Le impresionaba la profundidad del juego, el mundo inagotable de probabilidades, ese severo ámbito de Borges «en que se odian dos colores». Se sabía de memoria los versos del argentino dedicados al ajedrez y yo desde niño solía oírlos de su boca. Dramática la voz:

Adentro irradian mágicos rigores
las formas: torre homérica, ligero
caballo, armada reina, rey postrero,
oblicuo alfil y peones agresores.

Cuando jugaba siempre soltaba al aire frases para sí mismo y para todo aquel que quisiera escucharlo: «¡Después de 10 jugadas ninguna partida es igual!», gritaba. «¡Este juego no lo puedes descifrar ni con la lámpara de Aladino!».

Entre sus cuadernos de apuntes y anotaciones encontré un texto subrayado con tinta roja del coloso Gary Kaspárov en el que el campeón ruso planteaba así la magia del juego:

«Pese al modesto número de casillas (64) y piezas (32), el ajedrez es un juego prácticamente infinito. El número de partidas distintas que pueden disputarse se calcula en 10 elevado a la potencia 123; una cifra que reduce el número de átomos del universo a una cantidad insignificante. Se han jugado millones de partidas; se han escrito miles de libros, pero aún así no existen fórmulas precisas que garanticen la victoria».

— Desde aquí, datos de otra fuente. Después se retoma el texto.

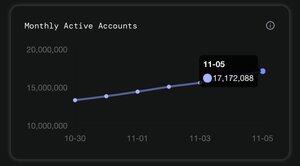 17,17 millioner månedlige aktive adresser (+28,5 % på en uke). Skalering raskt!

Para el profesor Brondo esa infinidad era lo más fascinante: el inextinguible misterio del juego, su mar inconmensurable de posibilidades.

En casa nadie sabe con exactitud cuándo fue contagiado con tanta fuerza por esa viruela. Por sus pláticas, podría suponer que fue un mes de 1960 cuando, recién casado, llegó a Parras de la Fuente a trabajar como maestro —años antes se había graduado en Saltillo en la Normal Básica y en la Normal Superior— y topó con un grupo de ajedrecistas empedernidos.

A diferencia de mi madre, que tenía una plaza de educadora en el Jardín de Niños Sara P. de Madero, mi papá trabajaba apenas ocho o diez horas a la semana en la secundaria de la ciudad. Su día era levantarse, desayunar, ir a la escuela, dar una o dos horas de clase por la mañana para después refugiarse en la biblioteca, preparar sus planes académicos y vagabundear por las calles.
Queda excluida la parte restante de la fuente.